- [DATA EXCERPT]:
Segment Open
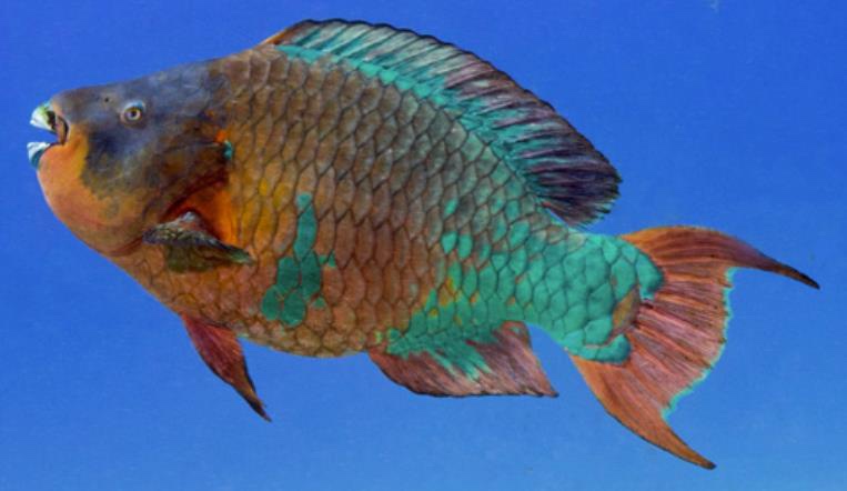 Rainbow parrotfish are the biggest parrotfish in the Caribbean. Stocky, with fleshy tails and humpy heads, this one was at least a metre long. They are mostly bi-coloured, starting with red and ending with green, with the red popping up again at the tail, Hold on. I’ll find a stock photo.
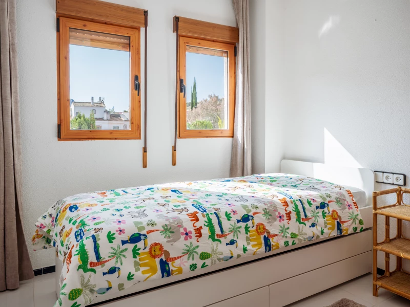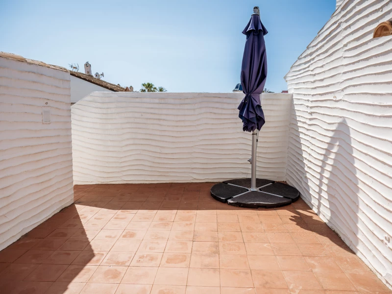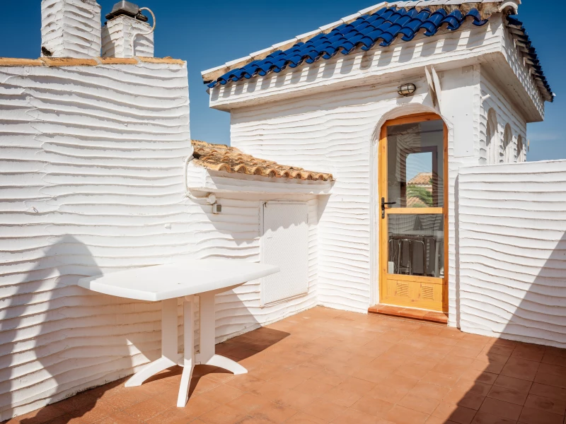 Het ruime dakterras is de ideale plek om in alle rust van de Spaanse zon te genieten – de hele dag door. Of je nu wilt zonnebaden, borrelen of ’s avonds genieten van het uitzicht, hier zit je altijd goed. In de afgesloten ruimte op het terras vind je een extra koelkast, barkrukken en een tafeltje: perfect voor een verfrissend drankje binnen handbereik. Een heerlijke plek om je vakantiedag ontspannen af te sluiten.
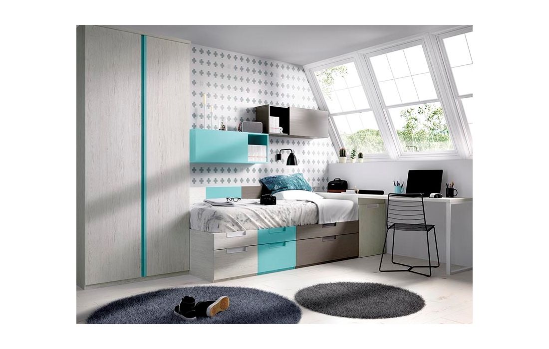Roupeiro, Secratária, Compacto de cama com 6 gavetas, Módulos de parede
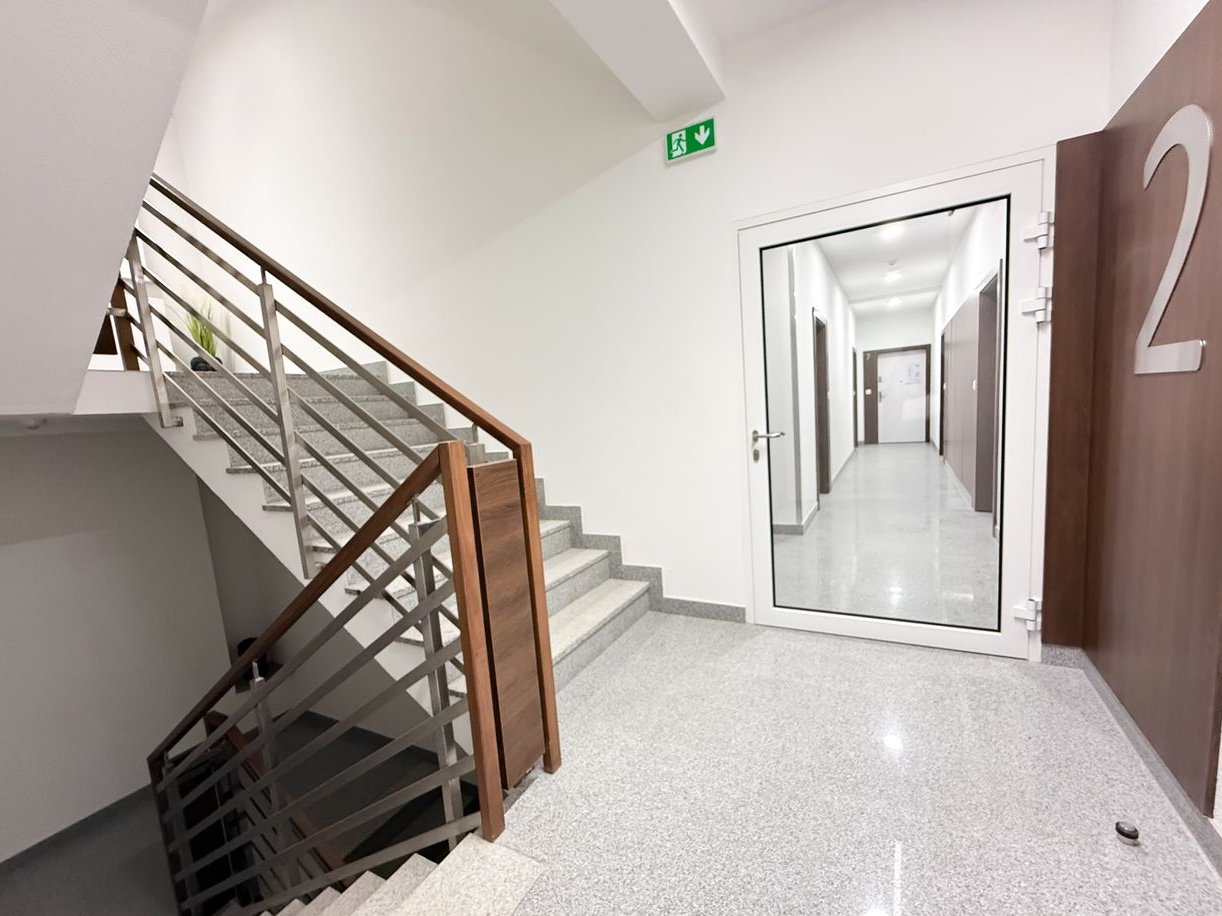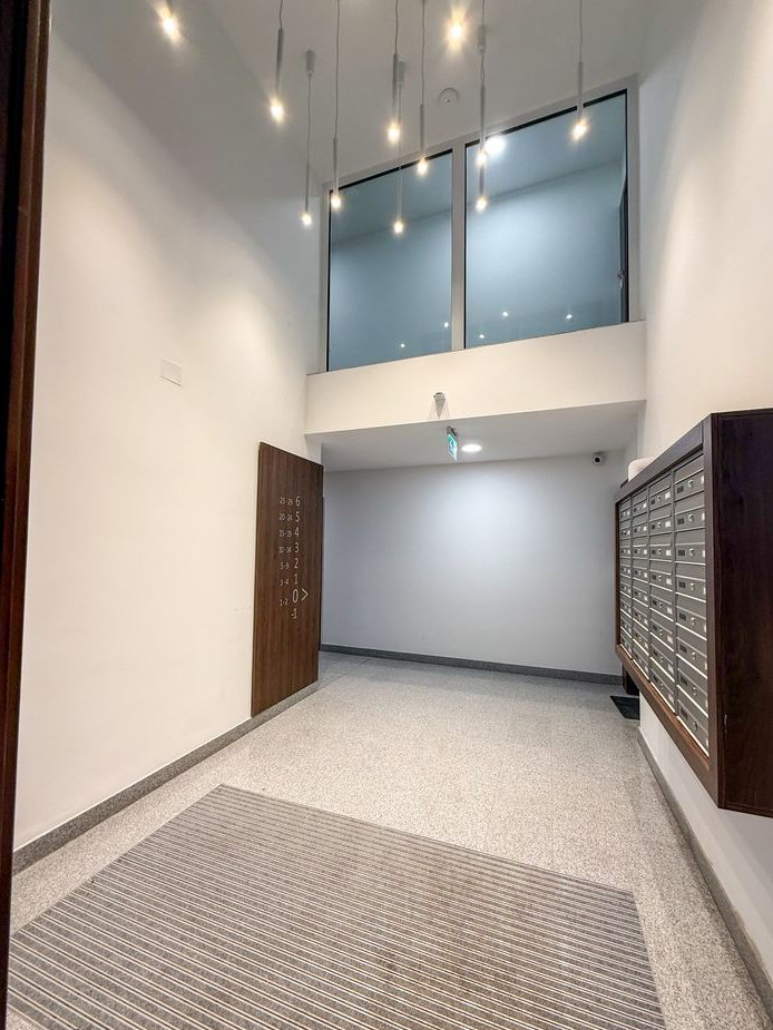 Mieszkanie znajduje się w kamienicy, która przeszła pełną rewitalizację z dbałością o zachowanie oryginalnych elementów architektonicznych. W częściach wspólnych widoczne są zachowane ceglane ściany na klatkach schodowych, które podkreślają charakter budynku i nadają mu wyjątkowego klimatu. Wejście do kamienicy jest eleganckie, a klatki schodowe czyste i zadbane. Budynek wyposażony jest w windę, wykończony materiałami wysokiej jakości, a teren inwestycji jest zamknięty i zabezpieczony domofonem.
Segment Closed
- [EXERCISE REQUIREMENTS]:
Please give the data above again in exact form and omit every picture.

- [RESPONSE TO THE EXERCISE]:
 Rainbow parrotfish are the biggest parrotfish in the Caribbean. Stocky, with fleshy tails and humpy heads, this one was at least a metre long. They are mostly bi-coloured, starting with red and ending with green, with the red popping up again at the tail, Hold on. I’ll find a stock photo.
 Het ruime dakterras is de ideale plek om in alle rust van de Spaanse zon te genieten – de hele dag door. Of je nu wilt zonnebaden, borrelen of ’s avonds genieten van het uitzicht, hier zit je altijd goed. In de afgesloten ruimte op het terras vind je een extra koelkast, barkrukken en een tafeltje: perfect voor een verfrissend drankje binnen handbereik. Een heerlijke plek om je vakantiedag ontspannen af te sluiten.
Roupeiro, Secratária, Compacto de cama com 6 gavetas, Módulos de parede
 Mieszkanie znajduje się w kamienicy, która przeszła pełną rewitalizację z dbałością o zachowanie oryginalnych elementów architektonicznych. W częściach wspólnych widoczne są zachowane ceglane ściany na klatkach schodowych, które podkreślają charakter budynku i nadają mu wyjątkowego klimatu. Wejście do kamienicy jest eleganckie, a klatki schodowe czyste i zadbane. Budynek wyposażony jest w windę, wykończony materiałami wysokiej jakości, a teren inwestycji jest zamknięty i zabezpieczony domofonem.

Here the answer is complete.